Despite the preferred modus operandi of the classical Greeks, there are some science puzzles that can't be solved by just sitting around, sipping retsina and cranking up your brain.
Oh, sure, there are plenty of physicists torture-testing their cerebrums with string theory, despite any proof from the labs that this esoteric geometry really describes the nitty gritty of matter. Similarly, theoreticians enjoy wrestling with the idea that our cosmos is just one of many (parallel) universes. This postulate also looks good on blackboards, but until there's experimental proof, it's merely a seductive suggestion.
In other words, when it comes to science, brain power is not the end of the story. Clever arguments may produce interest and occasionally tenure, but only those ideas that survive the filter of experiment will make it into our grandkids' textbooks.
The truth of this situation is particularly obvious when it comes to searching for life beyond Earth. Is it out there? Is the universe bloated with biology, replete with inhabited planets and moons? Or is our world a magnificent exception, a lone instance of life in a cosmos of incomprehensible size -- a tiny fleck of gold in an endless vista of dross?
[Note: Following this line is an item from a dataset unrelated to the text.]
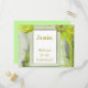 La invitación a la dama de honor floral verde amarillo es un diseño rústico que presenta un tema floral verde amarillento con flores y hojas. Una imagen de madera encierra tu nombre y "¿Serás mi dama de honor?" La parte trasera está cubierta por una sombra verde cal. Diseño de invitaciones: Bodas de Rhoadie Obra de arte temática de otoño: Oberholster Venita

The researchers who hunt for extraterrestrial life will routinely brandish two arguments that favor the former point of view: namely, that life is both unremarkable and ubiquitous.
The first is that worlds that could support life (known, in the unimaginative nomenclature of scientists, as "habitable") seem to be commonplace. Exactly how "commonplace" is now being judged by NASA's Kepler telescope, and the jury's still out. But it seems clear that at least a few percent of all stars are orbited by worlds capable of hosting life as we know it. That would imply that our galaxy alone has billions of habitable worlds.
If you wish to claim that all of these are sterile with the exception of our own, then you need to insist that -- no matter how attractive the planet -- biology is very, very difficult to get underway.
Countering that proposition is the second frequent argument of researchers looking for extraterrestrial life, namely that biology appeared very soon in Earth's history. There is strong fossil evidence for single-celled life on this planet going back 3.5 billion years, and clues that life began even earlier. The appealing bottom line here is that life sprang up on our world almost as quickly as it could, suggesting that the genesis of life doesn't require very special circumstances. If you can do something quickly, it's probably not a difficult project.
But this latter argument has been challenged in a recent paper by cosmologists David Spiegel and Edwin Turner (both of Princeton University). They've applied what's called Bayesian statistics to evaluate the significance of the early appearance of life on Earth. The Bayesian approach is appropriate in evaluating situations where there's some sort of observer bias. In this case, the bias is that those trying to estimate the probability of life's origin (namely us) wouldn't be here to make the estimate if Earth hadn't spawned life quickly.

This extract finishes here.